### ABOUT THIS TASK
Transcribe, without any alteration, only the lines that begin at the line containing "5. Flammkuchen belegen" and run to the last line below.

### DATA EXTRACTS
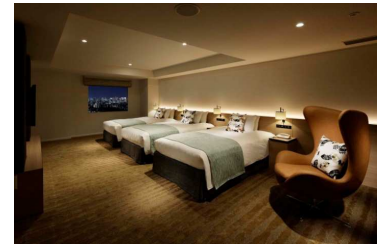
コンセプトルーム ベッドルーム(通常時)
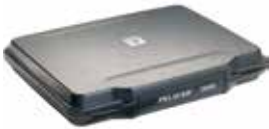
標準装備 ブロックウレタン351×247×20(13mm四方の切れ目)、ショルダーベルト

品番 0512-160 品名 #1085 ペリカンケース 重量 1.41kg 外寸 397×315×63 内寸 363×263×50 (25/25) 価格 ¥22600+消費税
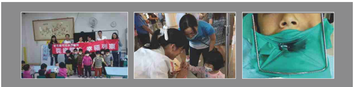
▲ 社區牙科口腔衛生教育，兒童牙科治療及預防醫學教育。

社區服務部分有鑑於身障病患的需求，身心障礙者具有許多特性，以致其比一般人更難接受到牙科治療，同時牙科醫師及其他輔助人員也較缺乏治療身心障礙者的經驗與設備。因此，在就醫困難及醫療人力缺乏的雙重匱乏下造成身心障礙者口腔狀況的惡化。醫院經費投入數佰萬元，增建特殊需求手術室及相關設備和人員受訓，特殊需求牙科內設有3台牙科治療椅，一般治療區有可以提供舒眠麻醉的診療椅和相關的設備，另外在開刀房內設有牙科專用的時段，提供診療枱施行全身麻醉治療。一般治療區各治療椅處均設有氧氣供應，除一般牙科治療外，可進行靜脈鎮靜麻醉、舒眠麻醉及權充麻醉後之恢復區。全麻區擁有麻醉機、生理監視器、電極器及電子喉頭鏡等，可進行如開刀房之全身麻醉。亦有移動式X光機，可在麻醉下進行X光攝影，增加診斷與治療的便利性。
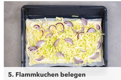
5. Flammkuchen belegen

Vom Wirsing die äußeren Blätter und den Strunk entfernen, dann den Wirsing in möglichst feine Streifen schneiden. 1-2EL Käsecreme zum Wirsing geben und gründlich mit dem Wirsing verkneten. Tipp: Ggf. noch etwas Olivenöl hinzugeben.

### REPLY
5. Flammkuchen belegen

Vom Wirsing die äußeren Blätter und den Strunk entfernen, dann den Wirsing in möglichst feine Streifen schneiden. 1-2EL Käsecreme zum Wirsing geben und gründlich mit dem Wirsing verkneten. Tipp: Ggf. noch etwas Olivenöl hinzugeben.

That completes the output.